S
ouvenez-vous. Vous êtes en vacances, le soleil brille, la vie est belle. Il vous prend alors l'envie irrépressible de le faire savoir aux amis et à la famille restés au pays. Mais soudain, angoisse, panique, horreur, il va falloir écrire une carte postale... et vous ne savez pas quoi dire. C'est à ce moment que vous vous imaginez dans la peau d'un Victor Hugo, misérable devant sa feuille blanche, ou, selon vos références, d'un Laurent Ruquier, incapable de pondre la dernière connerie qu'il bafouillera à la radio.
Bien des choses, d'abord pièce de théâtre avant d'être adapté en livre, c'est un peu tout cela, un condensé de l'histoire de la carte postale. Petit morceau de carton porteur de nouvelles, ou du moins les meilleures, celles qu'on veut partager, dont on n'a pas honte, elle témoigne d'une tradition qui, bien que menacée par l'essor des nouvelles technologies, n'en a pas moins la vie dure. Petite manie désuète dans un monde où le tout à la modernité ne souffre que peu de contestation.

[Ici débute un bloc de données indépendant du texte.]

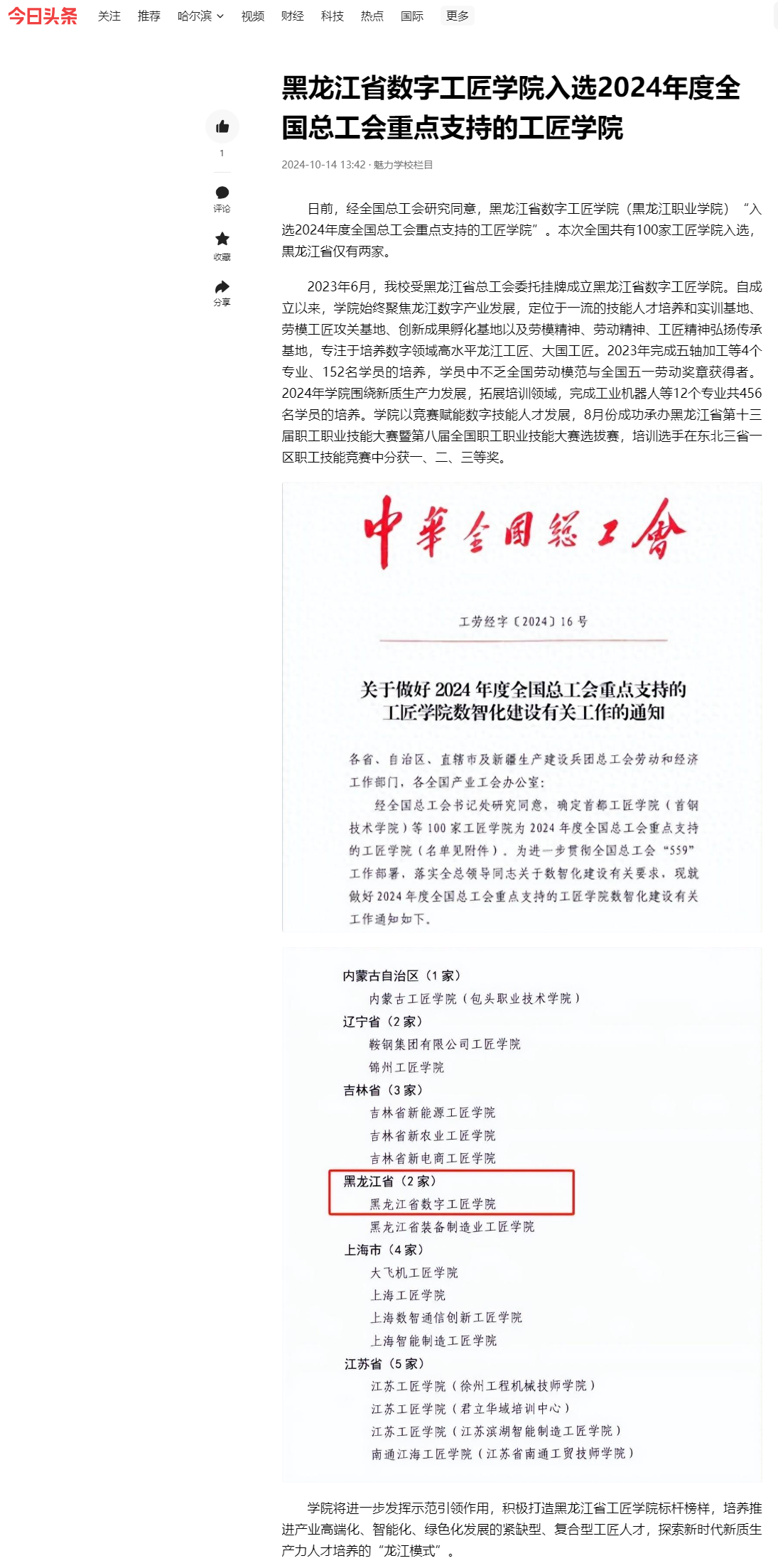 下一篇:【百度新闻】黑龙江省数字工匠学院入选2024年度全国总工会重点支持的工匠学院

François Morel, partant du cas particulier pour toucher à l'universel, rassemble dans cet ouvrage atypique, ni roman, ni bande dessinée, la correspondance estivale entre la famille Brochon et la famille Rouchon. Et tout y passe ! Entre les disputes de ménage et les anecdotes cocasses, le plaisir d'être parti et, il faut bien le reconnaître, une certaine nostalgie pour son petit « chez soi » et ses émissions télé préférées, l'auteur dresse un portrait amusé et amusant du vacancier moyen. Toujours bien tournés, les textes parviennent à faire rire sans jamais vraiment se moquer, portant un regard plus attendri que véritablement critique sur des comportements qui prêtent naturellement à sourire.

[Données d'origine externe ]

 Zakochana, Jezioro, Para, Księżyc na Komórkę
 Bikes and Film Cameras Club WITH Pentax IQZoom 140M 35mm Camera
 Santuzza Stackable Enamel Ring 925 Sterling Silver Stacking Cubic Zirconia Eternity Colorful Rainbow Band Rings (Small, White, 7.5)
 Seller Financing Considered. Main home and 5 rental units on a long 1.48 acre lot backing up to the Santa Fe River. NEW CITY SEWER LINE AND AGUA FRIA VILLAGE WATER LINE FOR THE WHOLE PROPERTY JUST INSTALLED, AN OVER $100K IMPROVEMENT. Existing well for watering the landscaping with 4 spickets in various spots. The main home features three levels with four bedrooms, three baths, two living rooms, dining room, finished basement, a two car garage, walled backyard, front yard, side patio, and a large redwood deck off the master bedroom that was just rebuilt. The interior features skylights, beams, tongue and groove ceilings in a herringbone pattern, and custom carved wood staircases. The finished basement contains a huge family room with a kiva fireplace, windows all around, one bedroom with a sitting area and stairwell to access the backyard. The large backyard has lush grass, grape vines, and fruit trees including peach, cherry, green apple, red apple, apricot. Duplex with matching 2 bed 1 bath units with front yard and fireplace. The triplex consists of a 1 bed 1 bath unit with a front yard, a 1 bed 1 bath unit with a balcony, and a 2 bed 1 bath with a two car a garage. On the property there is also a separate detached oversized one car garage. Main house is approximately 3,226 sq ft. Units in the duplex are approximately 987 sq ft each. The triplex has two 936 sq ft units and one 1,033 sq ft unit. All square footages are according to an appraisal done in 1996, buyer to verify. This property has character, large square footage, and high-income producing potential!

Bénéficiant de la participation de Rabaté, qui illustre ces quelques missives de dessins croqués sur le vif, Bien des choses fait de sa légèreté son maître atout. Il assume clairement son côté purement anecdotique et se hisse au rang d'une curiosité à déguster sans modération, dans le même esprit que l'excellent Farniente de Trondheim et Hérody.